> [WORK REQUIRED]: Look through the records and copy every line in which "This" appears.

::: SUPPLIED ENTRIES

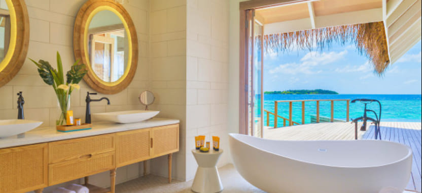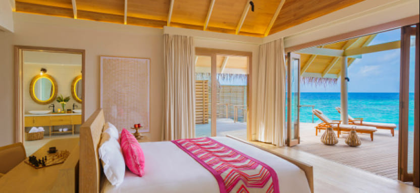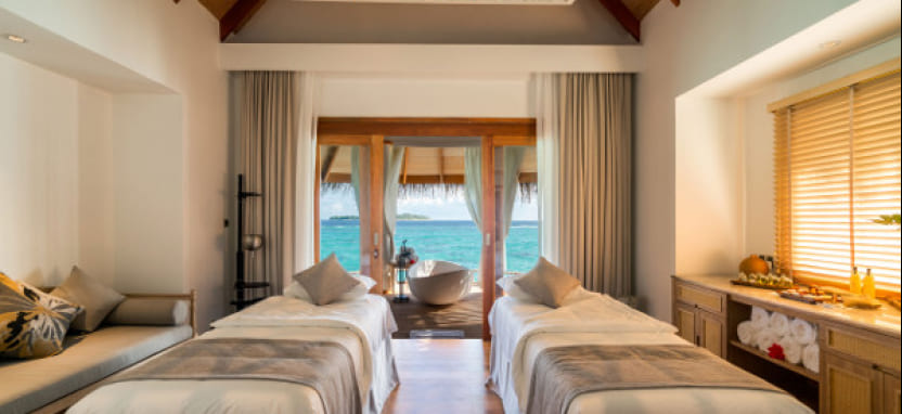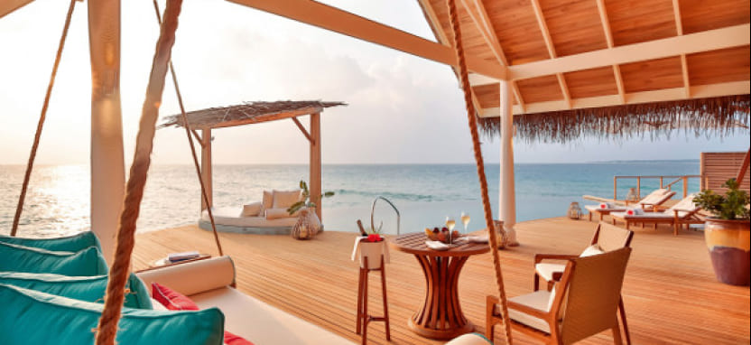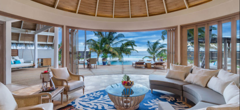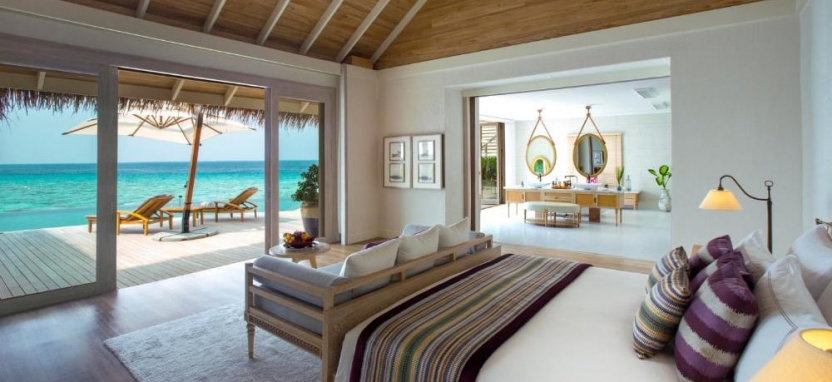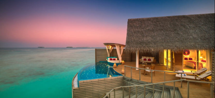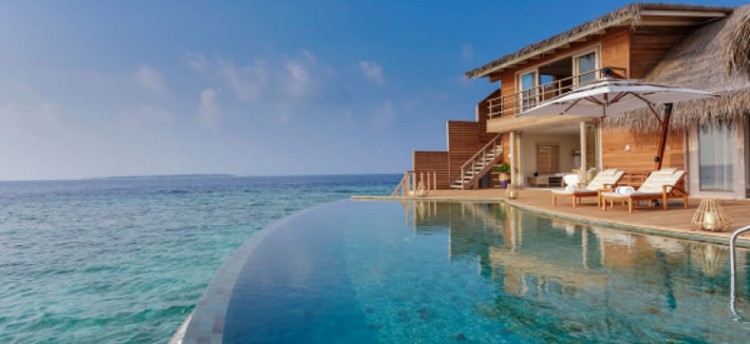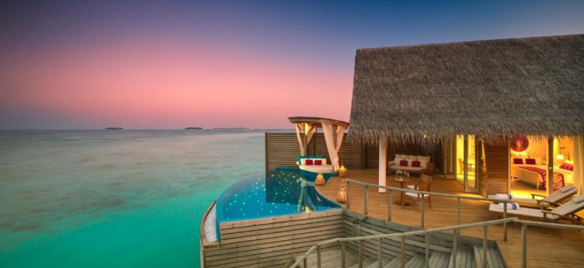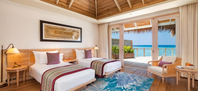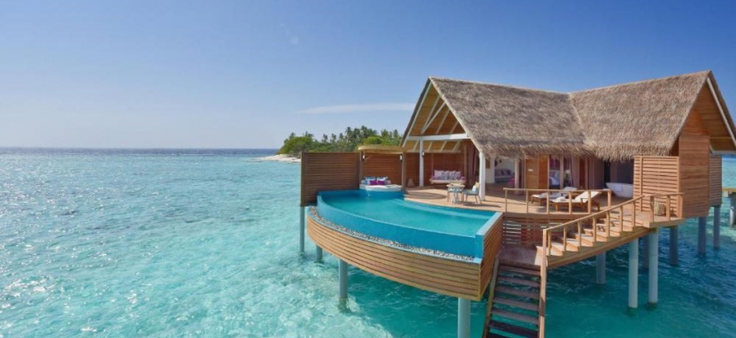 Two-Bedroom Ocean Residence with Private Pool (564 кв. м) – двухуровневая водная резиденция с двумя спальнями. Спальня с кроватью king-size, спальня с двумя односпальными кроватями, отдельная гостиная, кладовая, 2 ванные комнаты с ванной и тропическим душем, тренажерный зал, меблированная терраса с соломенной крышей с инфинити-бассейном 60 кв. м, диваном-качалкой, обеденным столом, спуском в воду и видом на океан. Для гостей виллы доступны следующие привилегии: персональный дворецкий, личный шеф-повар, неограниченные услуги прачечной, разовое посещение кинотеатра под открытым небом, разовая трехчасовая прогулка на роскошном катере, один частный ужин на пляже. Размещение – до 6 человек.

::::::
::: SUPPLIED ENTRIES

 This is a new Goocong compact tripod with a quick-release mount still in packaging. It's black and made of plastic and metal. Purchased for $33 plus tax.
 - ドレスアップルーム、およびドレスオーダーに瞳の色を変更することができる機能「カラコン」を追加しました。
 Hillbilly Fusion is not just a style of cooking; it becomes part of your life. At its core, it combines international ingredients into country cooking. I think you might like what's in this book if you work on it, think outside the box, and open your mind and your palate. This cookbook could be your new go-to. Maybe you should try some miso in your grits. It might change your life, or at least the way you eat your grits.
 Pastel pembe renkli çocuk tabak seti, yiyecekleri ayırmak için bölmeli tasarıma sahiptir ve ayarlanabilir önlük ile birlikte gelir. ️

::::::

> [TASK OUTPUT]:
 This is a new Goocong compact tripod with a quick-release mount still in packaging. It's black and made of plastic and metal. Purchased for $33 plus tax.
 Hillbilly Fusion is not just a style of cooking; it becomes part of your life. At its core, it combines international ingredients into country cooking. I think you might like what's in this book if you work on it, think outside the box, and open your mind and your palate. This cookbook could be your new go-to. Maybe you should try some miso in your grits. It might change your life, or at least the way you eat your grits.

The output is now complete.